1.1.0 Vers un cinéma total?

« Le cinéma subit depuis sa naissance une évolution constante. Elle s’achèvera lorsqu’il sera en état de nous présenter des personnages en ronde bosse, colorés, et peut-être odorants; lorsque ces personnages se libèreront de l’écran et de l’obscurité des salles pour aller se promener sur les places publiques et dans les appartements de chacun. La science continuera de lui apporter de petits perfectionnements. Mais il aura atteint, en gros, son état parfait. Cinéma total. »
René Barjavel, cinéma total, Denoël, paris, 1944

« L’idée cinématographique tend à une représentation totale et intégrale de la réalité, elle envisage d’emblée la restitution d’une illusion parfaite du monde extérieur avec le son, la couleur et le relief.

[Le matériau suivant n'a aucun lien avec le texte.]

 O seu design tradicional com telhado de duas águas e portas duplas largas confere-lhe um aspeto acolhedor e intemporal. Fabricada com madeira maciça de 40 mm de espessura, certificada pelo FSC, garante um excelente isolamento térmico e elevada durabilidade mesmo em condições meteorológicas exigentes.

Si le cinéma au berceau n’eut pas tous les attributs du cinéma total de demain, ce fut donc bien à son corps défendant et seulement parce que les fées étaient techniquement impuissantes à l’en doter en dépit de leur désirs. »
André Bazin, le mythe du cinéma total, critiques, 1946

A l’origine, le cinéma est une suite d’un grand nombre d’inventions visant à une illusion parfaite du monde sensible. La stimulation de tous les sens est en effet une vieille chimère qui semble hanter l’esprit des hommes. Ce serait, en quelque sorte un pouvoir divin, celui de créer un monde crédible et sous tous ses aspects, comme un triomphe sur la mort. On peut voir le relief dans ce contexte comme étant une étape supplémentaire vers la perfection de l’illusion.

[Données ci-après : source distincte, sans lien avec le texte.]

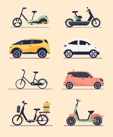 An illustrated collection showcasing a variety of modern eco friendly transportation solutions including electric bicycles scooters motorcycles and compact cars all depicted in a minimalist

« …la photographie, revivifiée, complétée et couronnées par le stéréoscope, est tellement supérieure à elle-même que le jour viendra bientôt où toutes les images photographiques s’associeront par couple pour reproduire dans leur vérité, dans toute sa beauté, douce et sévère, la nature immatérielle et vivante. »
Abbé Moigno dans le cosmos, 1852

On peut observer une double évolution dans l’histoire des techniques du cinéma, stimulant le physique et le psychique:

stimulis PHYSIQUES
Le cinémascope, le relief, les écrans circulaires visent à faire sortir l’image de l’écran, l’agrandir, transformer la surface de projection frontale en dispositif immersif afin de recréer des sensations proche de la réalité.

stimulis PSYCHIQUES
Le montage et le découpage ainsi que les effets de prise de vue (mouvements d’appareils, gros plans, caméra subjective,…) visent à faire pénétrer le flux des images dans l’esprit du spectateur.
Le cinéma se rapproche de la vision onirique.

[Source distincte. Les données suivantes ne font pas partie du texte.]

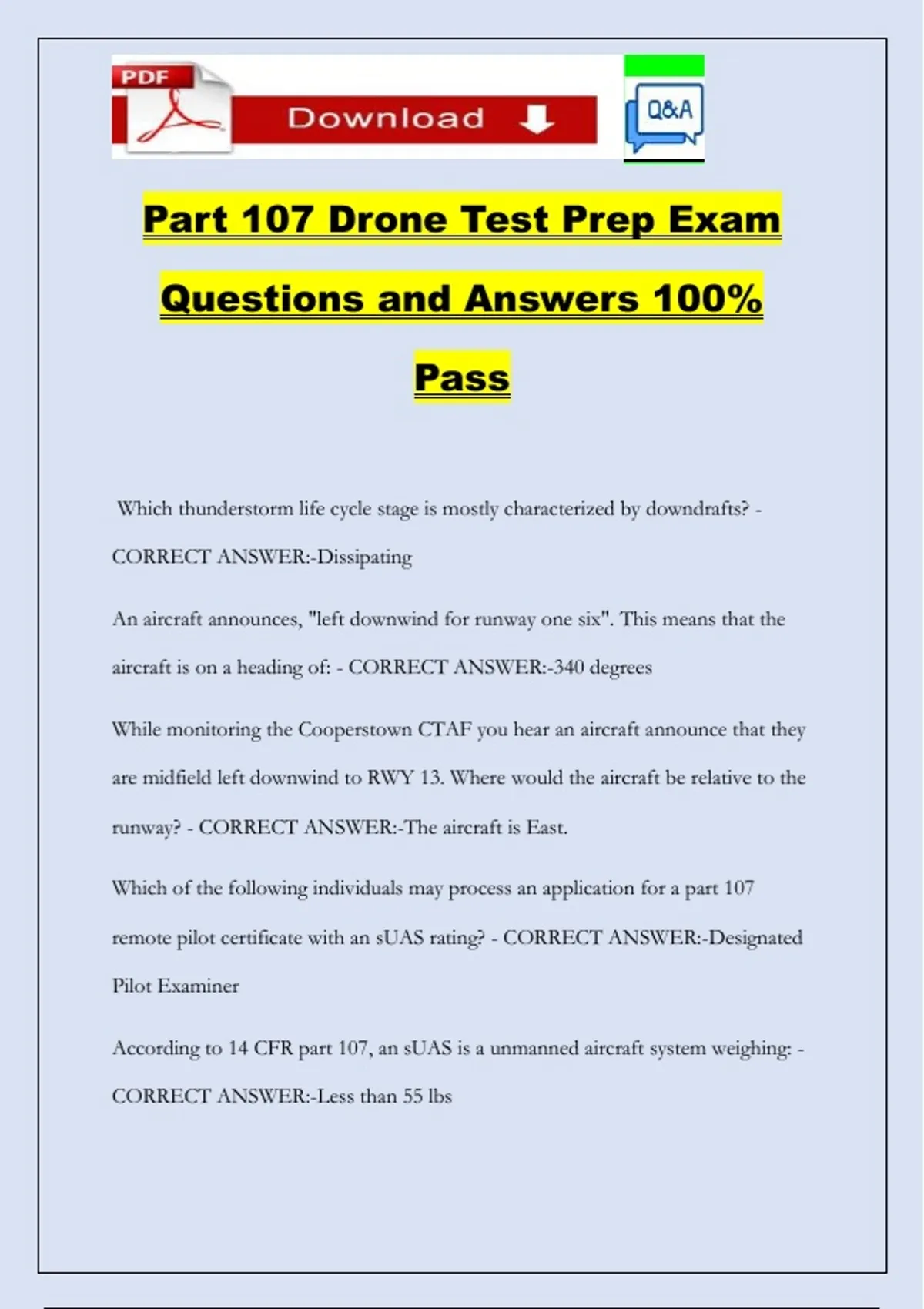 Part 107 Drone Test Prep Exam Questions and Answers 100% Pass

La question est de savoir jusqu’à quel point ces deux tendances sont cumulables et de quelle manière elles contribuent à enrichir le langage existant. Selon François Niney, « le cinéma devient un Art non pas en imitant le réel mais en transposant la réalité au sein d’un nouvel espace imaginaire circonscrit par les jeux du champ et du hors-champ, rythmé par les associations et suspens du montage. Le 7ème art naît à la surface de l’écran. »

Le cinéma total sonnerait-il la mort de l’Art cinématographique? Peut-on expliquer les réticences aux évolutions techniques par le fait qu’elles rendent ce vieux phantasme toujours plus accessible? La recherche de sensations se fait-elle au détriment de la recherche d’émotions?

« Moins on voit plus on croit »
Jacques Tourneur, dictionnaire du cinéma, Larousse, paris, 1992

Il est vrai que l’expression artistique existe dès qu’il y a interprétation (et donc choix) et non simplement reproduction du réel. Or, dans le cas du cinéma en relief en projection frontale, on est loin d’une reproduction. On est bien dans le domaine de l’imaginaire comme dans le film plane (avec ses deux grandes composantes: la composition dans le cadre et le découpage-montage de plans). Il serait donc absurde de parler de cinéma à priori plus immersif que le film plane. L’image relief stimule toutefois la vision de manière différente (voir le chapitre dédié) et il faut évidemment le prendre en compte.